In the rare cases where historical memory does get passed on, the benefits are clear. Look to the experience of former Python Benevolent Dictator for Life Guido van Rossum, who took a job at Dropbox in 2012. As the initial designer and developer of Python, van Rossum not only had arguably the most experience with the language, but also the institutional memory of why design changes were made. At Dropbox, he encouraged the development of mypy, a type-checking library for Python.
Because of van Rossum’s experience with the Python codebase and community, he recognized the desire, and need, for type hints as larger companies ran into the limitations of running Python without type checking. He hired Jukka Lehtosalo to undertake the project, and, encouraging the building out of type-checking architecture, also promoted its spread among various teams at Dropbox. Under van Rossum’s guidance, Dropbox has been migrating to Python 3, the latest version of the language, a process that many other large companies have struggled with. (Python 2 is slated to be sunset in January 2020.)
Cutting across time and place, even small bits of institutional knowledge can save a company hundreds of hours. For example, our analyst team’s efforts to learn Hadoop were greatly accelerated when an experienced Unix admin joined the team.
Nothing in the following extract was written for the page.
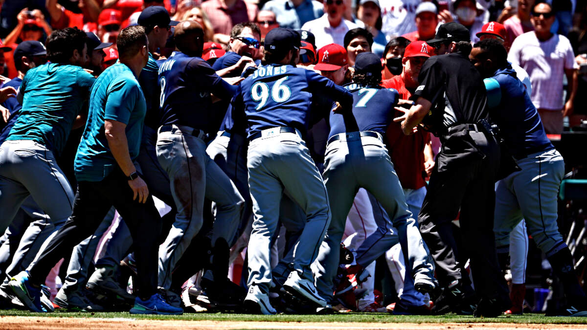 According to the team's head trainer, Bradley suffered the injury when he tripped and fell coming out of the dugout in the early moments of the Angels' brawl with the Mariners. In the video shown above, you can see just that.

Mentorship can also help people become more productive developers when they may otherwise have left the company or stagnated in their roles. Today, some organizations offer formal mentorship programs, including Airbnb, Pinterest, and Adobe.
A handful of years after Hadoop gained popularity, the platform is losing ground as alternatives like Spark (also based on MapReduce) and cloud-based ETL solutions take its place. (Even now, some are looking to Dask in favor of Spark.) We see similar trends in software engineering at large: companies shuttling between monoliths and microservices, or between single, on-prem servers and the cloud. Iteration and incremental improvement is a natural feature of technology—everyone wants devices to be smaller and code to run more quickly. However, these technological iterations are also due in part to the lack of historical continuity provided by formal mentorship practices. Much of the time no one steps in to say, “Wait—we just did this five years ago.” If they did, perhaps we’d see tech stacks change at a more reasonable pace—and work with more stable architectures as a result.